急性上気道炎(風邪)診療における "NUTS and BOLTS"

・急性上気道炎は診断できない
・急性上気道炎に効く薬はない
・急性上気道炎で死ぬことがある

1. 急性上気道炎は診断できない

 総合診療科を中心とした草の根活動もあり、急性上気道炎(ここでは急性上気道炎のことを "風邪" と呼ぶことにする)の診療が見直されてきている。そのおかげで、「風邪の診断なんて楽勝だぜ!」と思っているようなレジデントは、最近減ってきたように思う。何を隠そう、初見でその患者が風邪であるかどうかを判断するのは、難しいどころか、そもそも不可能なのである。漫画「ブラックジャックによろしく」小児科編で、研修医である主人公が乳児の母親に向かって「(お宅のお子さんは)本当にただの風邪ですから」と説明しているシーンがあるのだが、あれは小児科医が親に言ってはいけないセリフ百選のひとつである。

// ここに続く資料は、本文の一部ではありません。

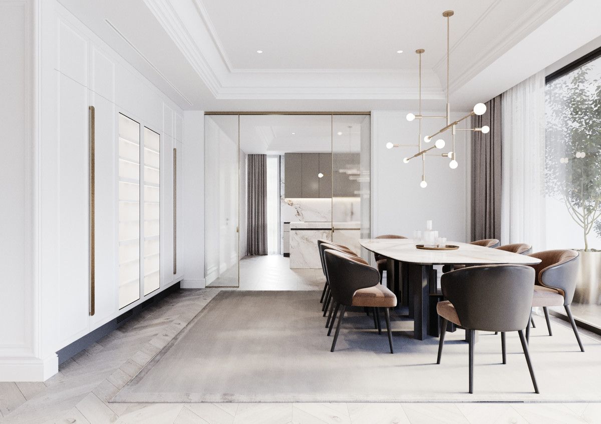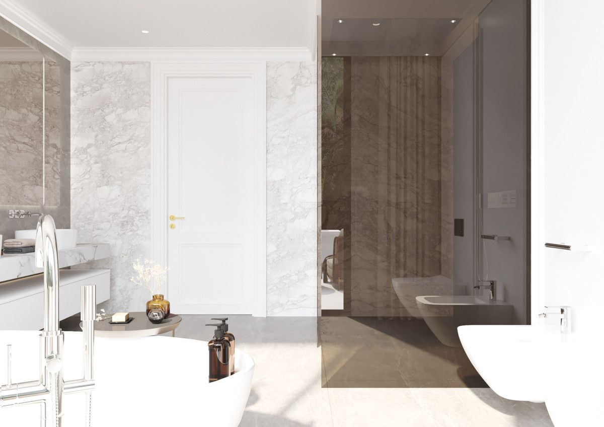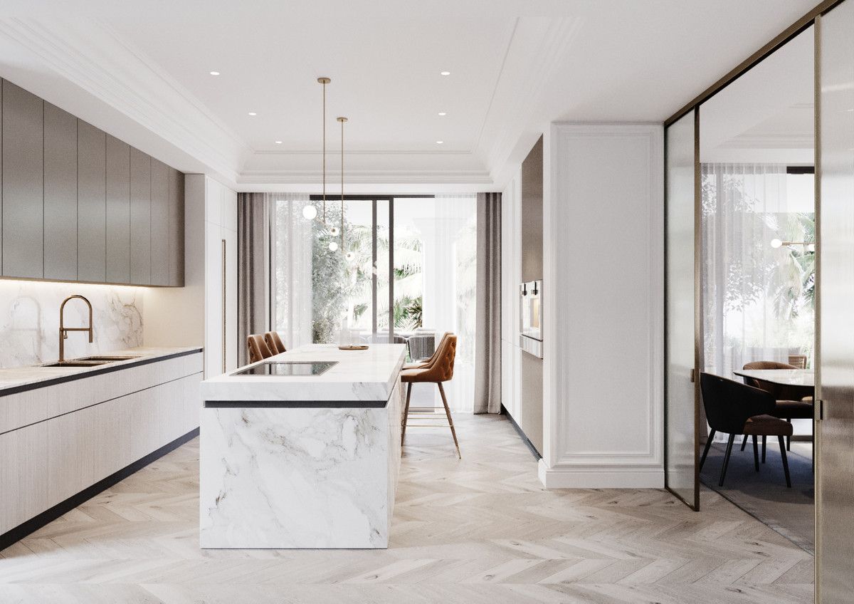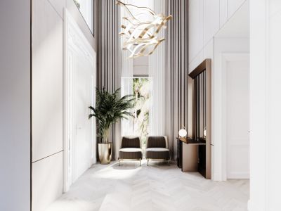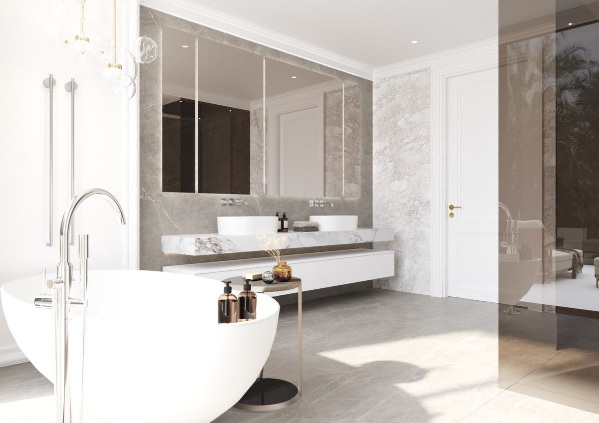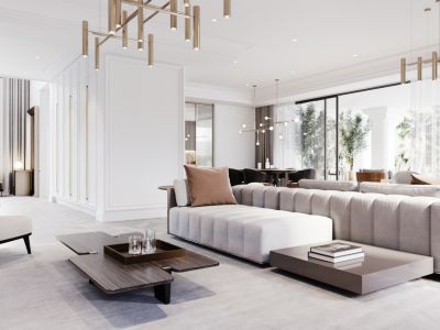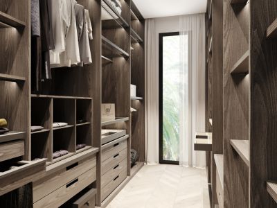 This sophisticated set of only 4 independent villas is located in a prestigious urbanization on the Golden Mile – Lomas de Marbella Club. Known as one of the most popular luxury residential areas in Marbella, it is located opposite the Roman Bridge and close to the Royal Mosque. These villas are characterized by their beauty, elegance and comfort. All facing south and with a classic and modern appearance, with superior qualities throughout. Each villa has an elevated position which, together with its orientation, offers beautiful views of both the Mediterranean Sea and La Concha Mountain. The villa is well proportioned in layout, spread over 3 levels and a solarium to create an exquisitely tasteful 5 bedroom residence with multiple entertaining areas. Access to the villa is impressive thanks to its double height ceiling and large contemporary pillars. The heated saltwater pool has a covered and an open terrace and an elegant hammock area that invites you to enjoy the beautiful Marbella climate with family and friends throughout the year. Upstairs the master bedroom offers privileged access to the large terrace with a spectacular view of the pool and the sea below. In addition to the entertaining areas in the garden, the spacious upper solarium has enough space for an outdoor gym with glass curtains, as well as more fabulous indoor and outdoor lounge areas.

これは、「風邪だと思って甘く見ていると診断を間違えることがあるぞ」とか、「風邪の合併症には重篤なものもあるんだぞ」とか、そういう含蓄めいたことを言いたいわけではなく、そのままの意味でそうなのである。なぜなら、風邪の症状というのはあくまで初期症状であり、その後、風邪のまま終わるのか、中耳炎となるか、はたまた肺炎となるかは、誰も予想できないからだ。つまり、患者が治ってから「風邪でしたね」ということはできても、初見から「風邪ですね」ということはできないのである。初見で360度どこから見ても完璧な風邪症状であったとしても、次に受診したときには肺炎になっているかもしれない。すると、「風邪ですね」と言われていた保護者は「風邪だって言ったじゃないですか!」と怒るわけである。このことに対して「患者は風邪のことをわかっていない」と宣う傲慢な医師が非常に多いように感じるのだが、風邪だと言われたのに風邪ではなくなったのだから、保護者が怒るのは当たり前だ。最初から医師が「風邪ですね」ではなく、「風邪だと思います」と言っていればよかったのだ。

 風邪には治療法がなく、ほとんどが勝手に治るので、風邪診療における小児科医の仕事は、どうやって保護者に風邪のことをうまくわかってもらえるかだと言っていい。これを言い換えれば、どううまく説明すれば風邪の合併症を発症しても保護者に怒られないで済むかということでもある(風邪の合併症なんてぼくらの努力で防げるものではないのだ)。それには、まず僕らが風邪の自然経過を熟知し、保護者に丁寧に説明する必要がある。「風邪はまず、喉の痛みや違和感から症状が出始めて、続いて鼻症状、咳が出現します。咳は他の症状が収まってからも1-2週間は続くことが多いです [1]。大人と違ってこどもは熱が出やすいですが、通常、発熱は3日以内に治まります [2]」。これらを丁寧に説明した上で、この自然経過から外れるようならば、合併症が起こっている可能性があるので受診するよう伝えればいい。「たぶんお宅のお子さんはこういう経過を辿る」という部分を自信をもってプレゼンすることがコツで、僕の場合は、そのコースを外れるかどうかは神のみぞ知る、くらいのテンションで説明してしまっている(実際、そうだし)。このように説明すると、その後、患者が無事に改善したとしても、合併症を発症して再受診したとしても、「先生の言った通りでした」となるわけだ。なんだか詐欺師の手口のような感じもするが、丁寧に正しいことを説明した結果なのだから、まあ、これでいいのである。自分を含めてみんながハッピーになるように、小児科医は話術を磨くのだ。

[1] Lopez SMC, Williams JV. The Common Cold. Nelson Textbook of Pediatrics. 21st ed. Philadelphia PA: W.B. Saunders; 2000.
[2] Hendley JO. Epidemiology, pathogenesis, and treatment of the common cold. Semin Pediatr Infect Dis.1998;9:50–5.